(Note: On Sundays I am posting a Sabbath blog, my logic being that the Sabbath is a good day to post about things that I enjoy. Fun writing is recreational writing, I figure. So, here is Sabbath post #6.)
The Academy Awards will be given out tonight. We’ll probably watch the show at our house because we all like movies.
My hometown of Barnesville, Georgia had one theatre during my growing up years—the Ritz. I can’t be sure what the first movie I ever saw there was, but the first one I remember was the James Bond flick Thunderball. On Saturday afternoons my mother would drop me off at the theatre with fifty cents in my pocket and with that fifty cents I would watch the double feature, watch the first movie again, and buy popcorn and a Coke. Those were the days.
I saw only two movies with my parents. One was The Green Berets, John Wayne’s movie about the Vietnam War. Let’s just say that it was in a different vein than Apocalypse Now or Coming Home. The other was the original Walking Tall, the one starring Joe Don Baker as Tennessee sheriff Buford Pusser. I think that one of the lines used in advertising that film was “It should have been a love story.” It wasn’t. It had a lot of graphic violence for 1973 and the language was, to put it mildly, quite salty. When it was over my mother said, “Why do they have to talk like that?” I answered her, based on all the worldliness that I had acquired in my fifteen years, “Because that’s just the way it is in the real world, Mama.” I’m not sure whether she sniffed or shrugged at me, but either way she dismissed the thought as silly. Folks didn’t talk that way in her real world.

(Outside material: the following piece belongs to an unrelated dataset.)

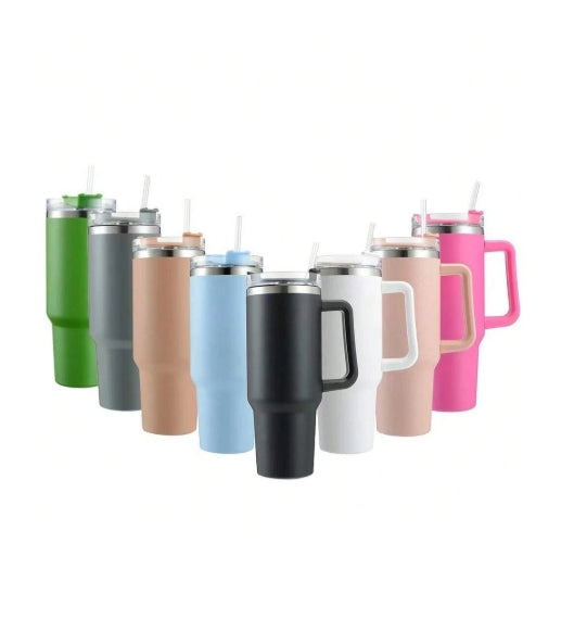 1pc Stainless Steel Insulated Water Cup with Straw 1200ml
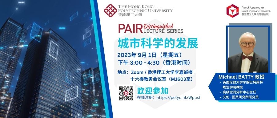 Michael Batty教授作为全球最广获征引城市规划学者之一,其著作、广泛研究和全球网路参与为城市设计和规划以及相关技术开发作出了莫大贡献。也于其领域的卓越成就备受国家及国际肯定,他曾获多项奖项及院士殊荣,其中包括2013年瓦特林.路德国际地理学奖(又称「地理学诺贝尔奖」)。

In recent days we’ve watched two of the movies that are up for Best Picture tonight: The Departed and Little Miss Sunshine. It goes without saying that they are both excellent movies. The Departed is a Martin Scorsese directed crime drama starring Leonardo Dicaprio, Matt Damon, and Jack Nicholson. The performances are mesmerizing, the story engrossing, and the climax, at least in my opinion, disappointing. And the language is atrocious. But, folks talk that way in the real world. Little Miss Sunshine is a wonderfully enjoyable movie. At times it is hilarious, at other times heartbreaking, and at yet other times embarrassing (in the sense that you’re embarrassed for the characters because of the situations they’re facing). The cast is outstanding, especially Abigail Breslin, who plays the little girl whose family is determined to get her to a beauty contest hundreds of miles away. And, at times, the language is atrocious. But, folks talk that way in the real world.
Well, I have to agree with Mama (shrug, sniff): they don’t talk that way in mine, and I’m glad. And frankly, it bothers me to have to put up with it in order to see these otherwise outstanding cinematic achievements.
Now, I’m no prude about this. I’ll be the first to admit that if Clark Gable had said, “Frankly, my dear, I don’t give a hoot,” it would not have had the same effect. I just fail to see why professional screenwriters can’t come up with anything better than “I’m going to (bleep) your (bleep) head off if you don’t (bleep) tell me what I (bleep) need to know.” I also fail to understand why, in order to convey that a character is upset, most screenwriters can’t come up with anything more original than having the character stomp his foot or throw something against the wall and say, “Bleep.”
In my opinion, those screenwriters are not earning their money. They need to exercise a few more brain cells, type a little longer, muster up a little more creativity, and find some better ways and better words to give their characters to express their thoughts and emotions.
I’m sure that I’m way too simplistic in how I look at this, but to me, they just make otherwise very smart movies sound dumb.